[[ Data listing open ]]

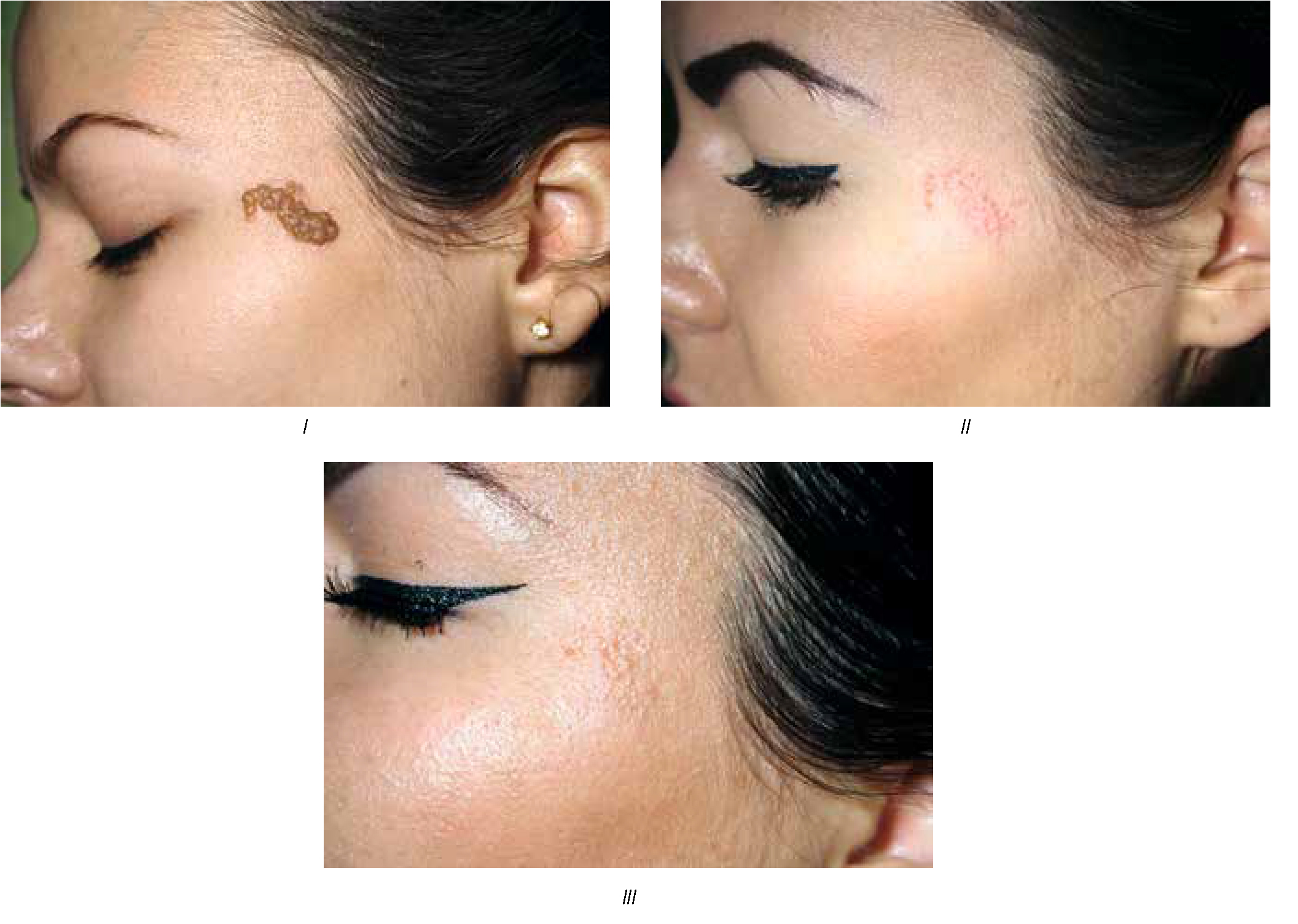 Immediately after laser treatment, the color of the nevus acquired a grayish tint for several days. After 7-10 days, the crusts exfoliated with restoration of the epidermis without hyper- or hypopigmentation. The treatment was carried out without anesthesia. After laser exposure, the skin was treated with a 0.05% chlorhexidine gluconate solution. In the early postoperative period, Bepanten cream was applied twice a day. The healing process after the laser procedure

[[ Data listing closed ]]
[[ Data listing open ]]

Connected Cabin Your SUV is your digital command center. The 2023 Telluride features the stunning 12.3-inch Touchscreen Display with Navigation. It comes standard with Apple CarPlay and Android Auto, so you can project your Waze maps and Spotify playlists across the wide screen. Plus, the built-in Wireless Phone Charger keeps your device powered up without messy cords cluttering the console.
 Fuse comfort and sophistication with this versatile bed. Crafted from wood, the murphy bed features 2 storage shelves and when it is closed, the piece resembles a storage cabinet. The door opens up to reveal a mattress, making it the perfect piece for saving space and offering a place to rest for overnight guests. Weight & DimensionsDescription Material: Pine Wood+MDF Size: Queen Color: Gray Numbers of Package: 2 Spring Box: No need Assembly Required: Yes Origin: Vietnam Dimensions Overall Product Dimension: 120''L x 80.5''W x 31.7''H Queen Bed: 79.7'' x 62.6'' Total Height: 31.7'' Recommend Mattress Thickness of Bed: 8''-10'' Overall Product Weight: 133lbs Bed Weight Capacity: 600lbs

[[ Data listing closed ]]
[[ Data listing open ]]

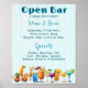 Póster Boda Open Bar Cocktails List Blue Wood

[[ Data listing closed ]]

Goal of the exercise -
Check each line of the listing above. Copy the ones with the word "features".

Result of the exercise -
Connected Cabin Your SUV is your digital command center. The 2023 Telluride features the stunning 12.3-inch Touchscreen Display with Navigation. It comes standard with Apple CarPlay and Android Auto, so you can project your Waze maps and Spotify playlists across the wide screen. Plus, the built-in Wireless Phone Charger keeps your device powered up without messy cords cluttering the console.
 Fuse comfort and sophistication with this versatile bed. Crafted from wood, the murphy bed features 2 storage shelves and when it is closed, the piece resembles a storage cabinet. The door opens up to reveal a mattress, making it the perfect piece for saving space and offering a place to rest for overnight guests. Weight & DimensionsDescription Material: Pine Wood+MDF Size: Queen Color: Gray Numbers of Package: 2 Spring Box: No need Assembly Required: Yes Origin: Vietnam Dimensions Overall Product Dimension: 120''L x 80.5''W x 31.7''H Queen Bed: 79.7'' x 62.6'' Total Height: 31.7'' Recommend Mattress Thickness of Bed: 8''-10'' Overall Product Weight: 133lbs Bed Weight Capacity: 600lbs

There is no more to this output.